What’s more, now they’ll have the perfect wine pairing for all that pasta: Akunowicz has launched her own eponymous wine label, and it will debut with the 2019 “Forlì Sangiovese,” a bright Sangiovese-Merlot blend she crafted with Italian winemaker Giovanna Madonia. Akunowicz’s affordable ($10/glass) inaugural grapes, what she calls her answer to table wine, are in addition to the value-through-splurge-level list curated by wine director Kristie Weiss. Weiss previously helped stock the cellar at Fenway’s excellent Nathalie, one of the best places in town to grab a glass.

Bar Volpe. / Photo by Alyssa Blumstein

Fresh pasta, bottled wine—they’re only the latest ventures from the business-savvy chef, who in recent years has successfully diversified her brand to encompass endorsement deals (she recently put her stamp of approval on kitchen-design company Zephyr), cookbooks (she’s working on her second, slated for release in 2023), and more. (Up next: a partnership with Williams Sonoma.)
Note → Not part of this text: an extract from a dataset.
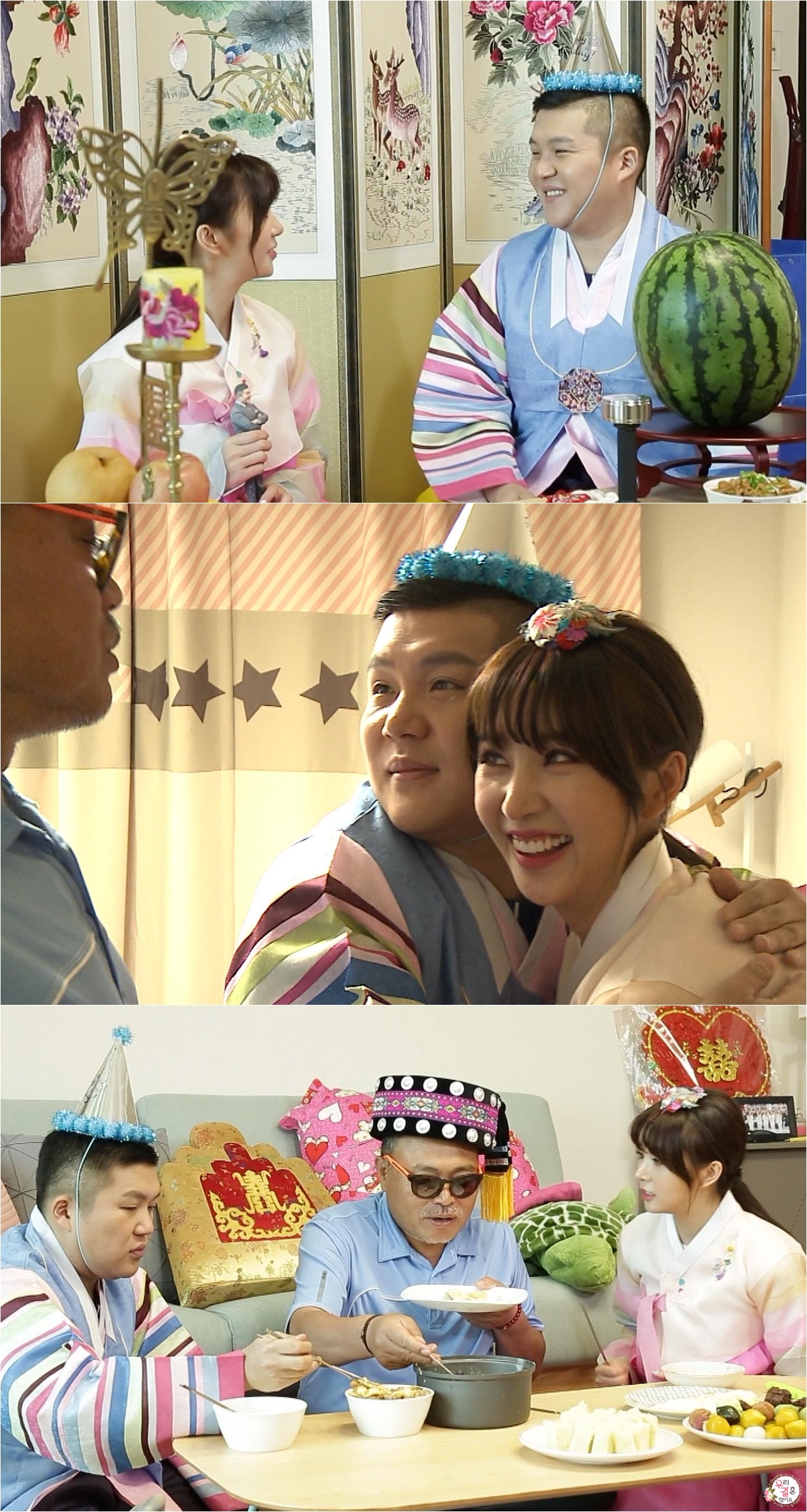 그런 가운데, ‘차오차오 커플’의 파티 사진이 공개돼 시선을 모은다. 한복을 차려 입은 두 사람은 고깔모자까지 쓰고 진정한 파티의 분위기를 즐기며 ‘꽁냥꽁냥’ 신혼 생활의 모습을 제대로 보여주고 있다.

In a restaurant industry that’s always rapidly changing, especially post-COVID, having your hands in a lot of pots is a smart way for a chef to work. It’s also, Akunowicz says, a way to stay engaged and motivated.
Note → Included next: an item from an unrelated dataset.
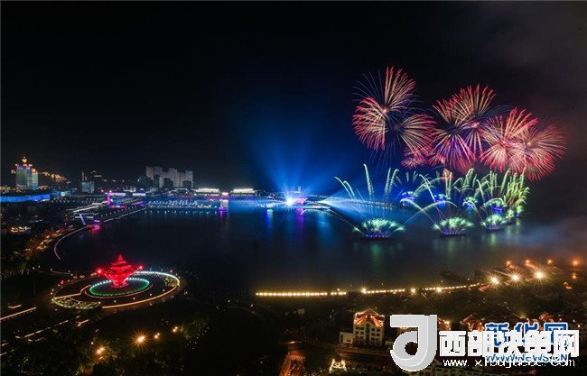 6月9日至10日,上海合作組織青島峰會在山東青島召開。這是6月9日晚在青島舉行的《有朋自遠(yuǎn)方來》燈光焰火藝術(shù)表演。新華社記者 徐昱 攝
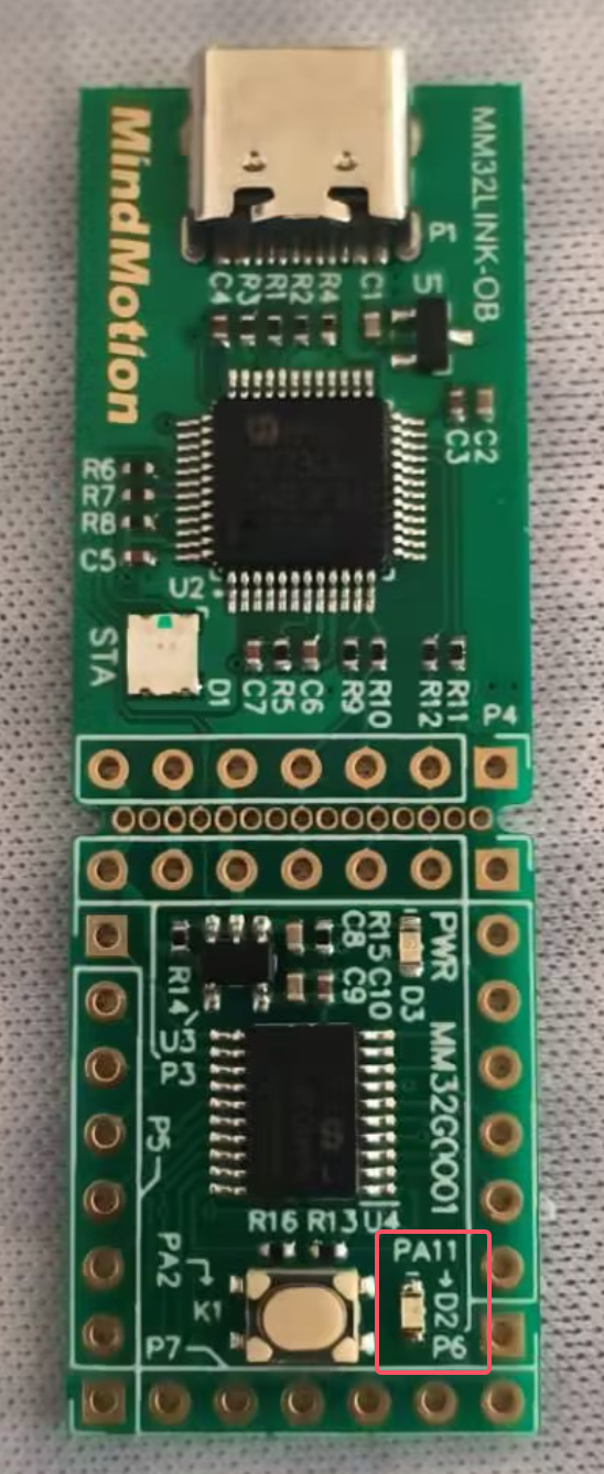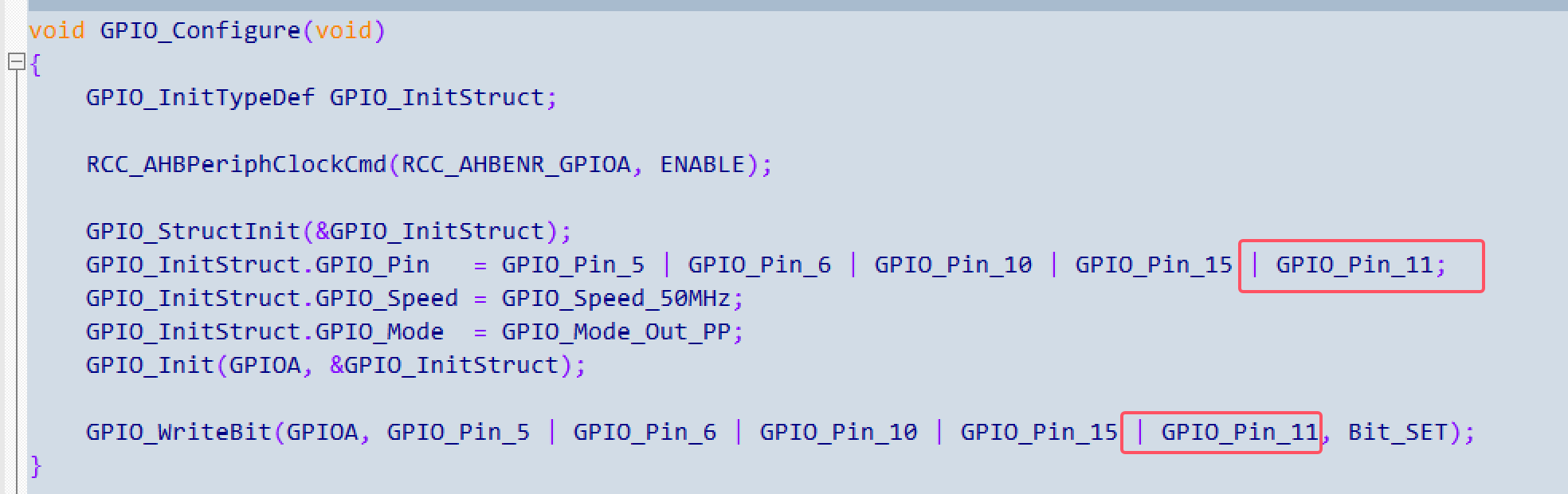 }观察板子,发现板子上LED是PA11,而例程里没有,就需要我们自己添上

“I think in all industries, in the way the world is going, diversification is really important. On the personal and creative side of it, it’s just so fun for me. I love it because it makes my brain work in a different way. That makes everything I do better.”

The open kitchen at Bar Volpe. / Photo by Alyssa Blumstein

Cooking is one area where Akunowicz never wants for inspiration, and Bar Volpe is no exception in that regard. Here, her open kitchen is anchored by a wood-fired grill for crafting dishes with rotisserie chicken, porchetta, and flame-kissed fish—expect more seafood here than at Fox & the Knife, Akunowicz says. Besides boasting a mozzarella-bar section with all sorts of spectacular cheeses, the menu will cover regional cuisines from the lower half of the Boot, all the way down to Sicily, even incorporating Moroccan and other North African spices to nod to the history of the spice trade. Think: orrechiette with lamb sausage, wood-fired Sardinian paella, and more.

The bar at Bar Volpe. / Photo by Alyssa Blumstein

For a light bite and a drink—Negronis and classic Italian cocktails are the game—you can slink over to the 25-seat main bar, a former Airstream given a marble-topped, Art Deco facelift. The rest of the restaurant features floor-to-ceiling street-side windows, buttery banquettes, and light fixtures shaped like moons that hit your eye like a big pizza pie. (Note: There are no actual pizza pies here, but who cares when there’s her pizzetta bianca, flaky laminated dough stuffed with warm and melty Stracciatella and Provolone, cut into pieces and served on a pizza plate.)

Bar Volpe is the latest in a series of exciting new Italian restaurants from major chefs, following hot on the heels of Mark Ladner’s Bar Enza and Will Gilson’s Geppetto, both in Cambridge. For her latest entry in Southie, Akunowicz says the key to standing out is simply to stand strong on her own two feet.

“Everything we do in the restaurants—from the design to any specific dish—is incredibly intentional, because for me it’s personal,” Akunowicz says. “I can’t do anything that doesn’t feel incredibly personal. So yes, the menu is completely different from Fox & the Knife, but I think if anyone loves Fox & the Knife, they would know that this is me. This is how I cook.”